张彪一步跨进去,刚抬头看了一眼,整个人直接钉死在原地,嘴巴张得能塞进一个大馒头。
他身后的几个老兵也倒抽了一口凉气,手里的烟卷啪嗒一下掉进了雪堆里。
昏暗的仓库里。那一套发着暗光的紫檀木拔步床安安静静地停在正中央,繁复的百子千孙雕花在手电筒的光柱下透着古朴的贵气。

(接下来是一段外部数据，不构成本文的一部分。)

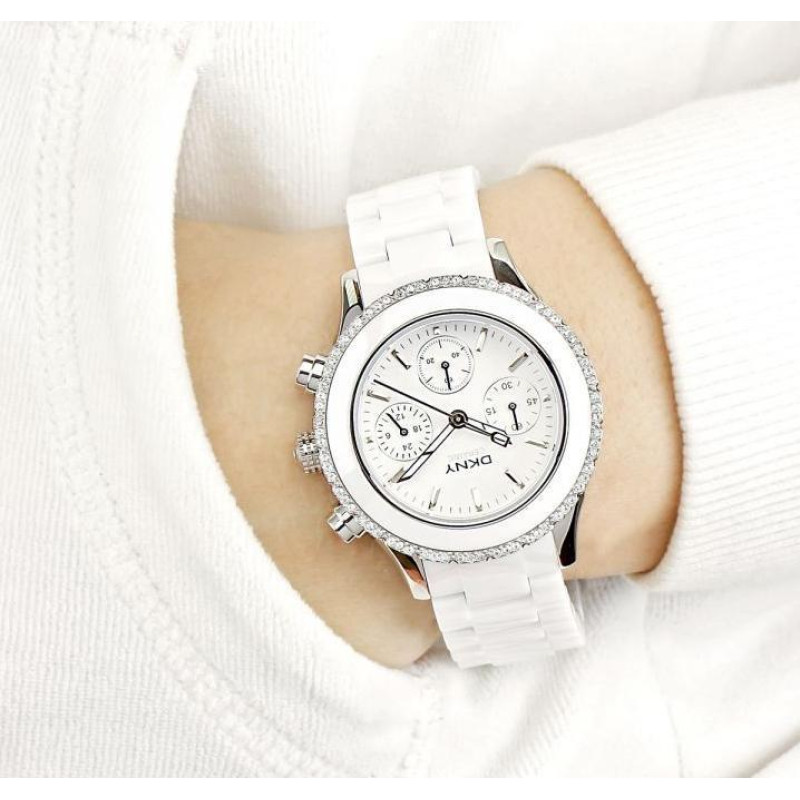 Корпус выполнен из стали. Безель выполнен из белой керамики. Белый керамический браслет. Цвет циферб..
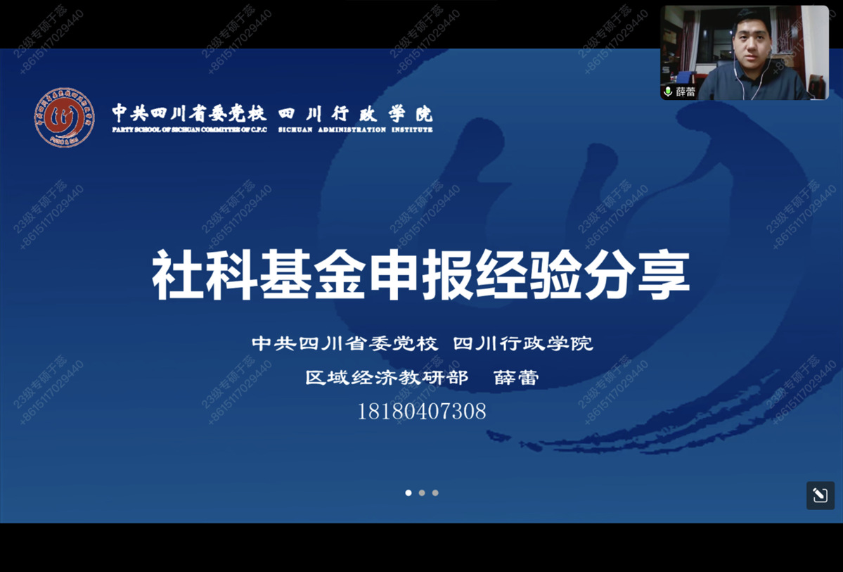 2023年11月23日,应365上市公司商学院邀请,中共四川省委党校区域经济教研部薛蕾讲师为我院教师在线作题为《社科基金申报经验分享》的学术报告。报告由薄慧敏老师主持,学院领导、专任教师共40余人在线聆听了报告。
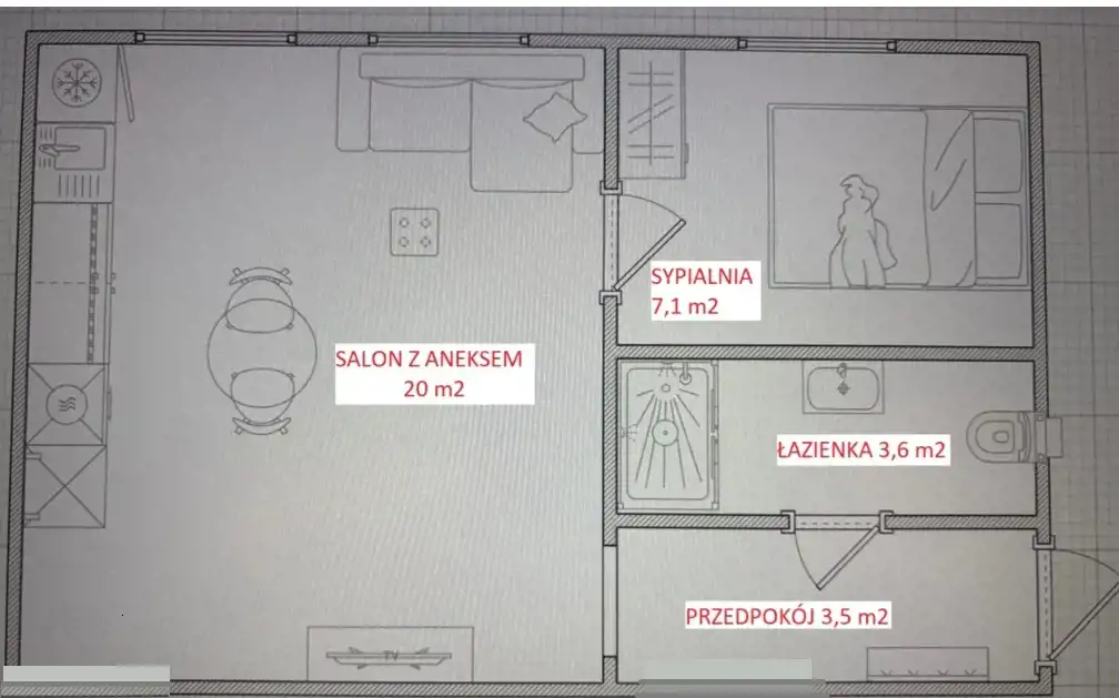- przedpokój (3,5 m²)
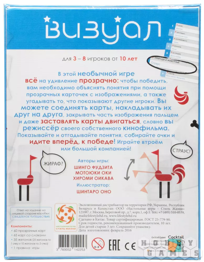 Уверены, вы ещё никогда не загадывали слова и словосочетания таким необычным образом! В игре "Визуал" вам не понадобятся ни жесты, ни мимика, ни аналогии. Для составления загадок вам в руки попадут карты. Да не обычные, а... прозрачные! На каждой карточке на прозрачном фоне красуются изображения разных предметов или явлений, и вы может составлять их как угодно, насколько только хватит фантазии.
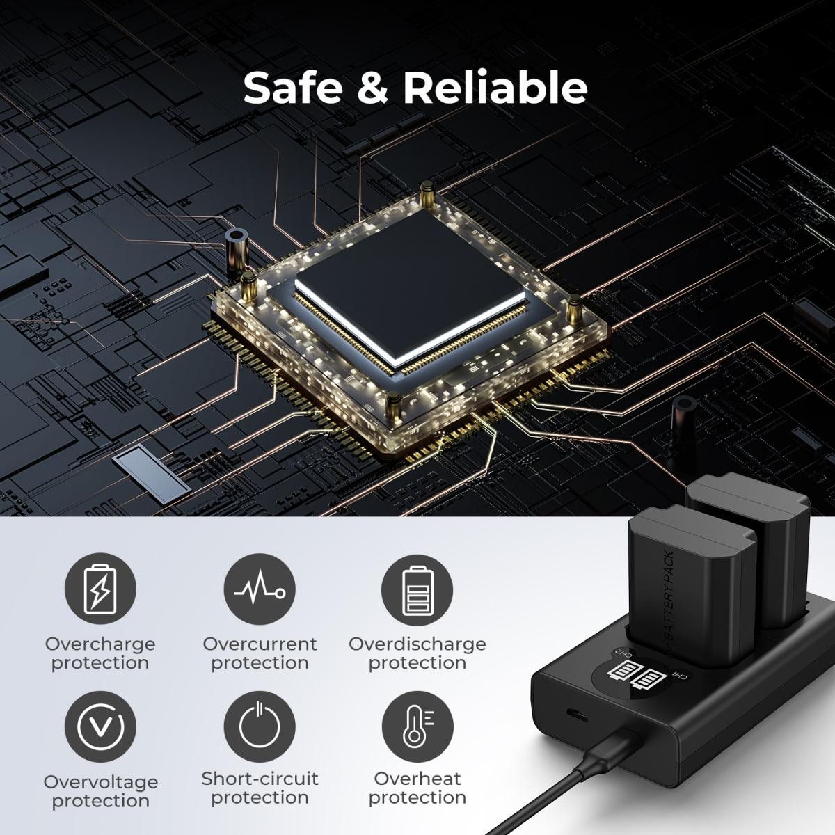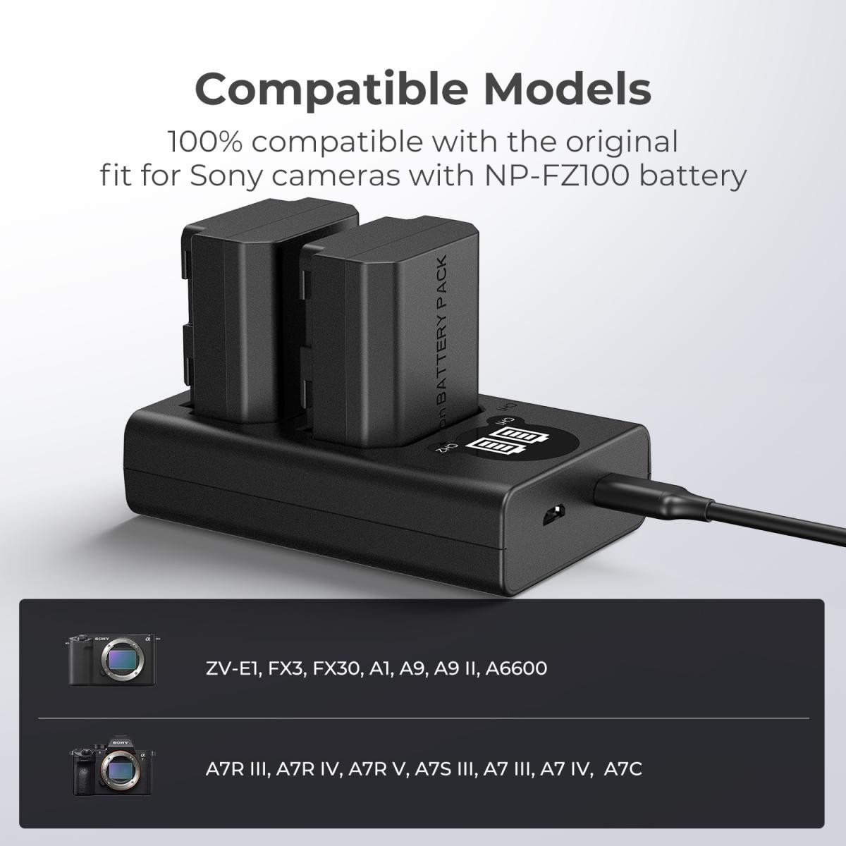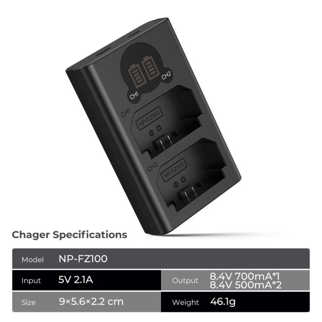 Töltse hatékonyan Sony NP-FZ100 akkumulátorát a K&F FZ100 kétcsatornás töltővel. Két töltőporttal és sokoldalú USB-C/Micro USB bemenettel ellátott töltő egyszerre két akkumulátort is képes tölteni, miközben intelligensen védi a túltöltés, a túláram és a túlmelegedés ellen.

旁边立着两对半人高的黄花梨大衣柜,木头纹理泛着一层油润的包浆,一看就是传了不知道多少代的精贵玩意儿。
这还不算完,更要命的是靠墙码放的那几个贴着外文标签的大纸箱子。
张彪是个粗人,不懂红木的门道,但他眼尖,一眼就认出了纸箱子上面印着的画。
一台带洋文的大屏幕黑白电视机、一台双开门的大冰箱、两台双缸洗衣机,还有一台油光瓦亮的蝴蝶牌脚踏缝纫机。
“嫂、嫂子……”张彪舌头直打结,指着那一堆东西的手直哆嗦,“这、这就是你说的嫁妆?我的活祖宗诶,你这是把沪市的百货大楼给搬空了吧!”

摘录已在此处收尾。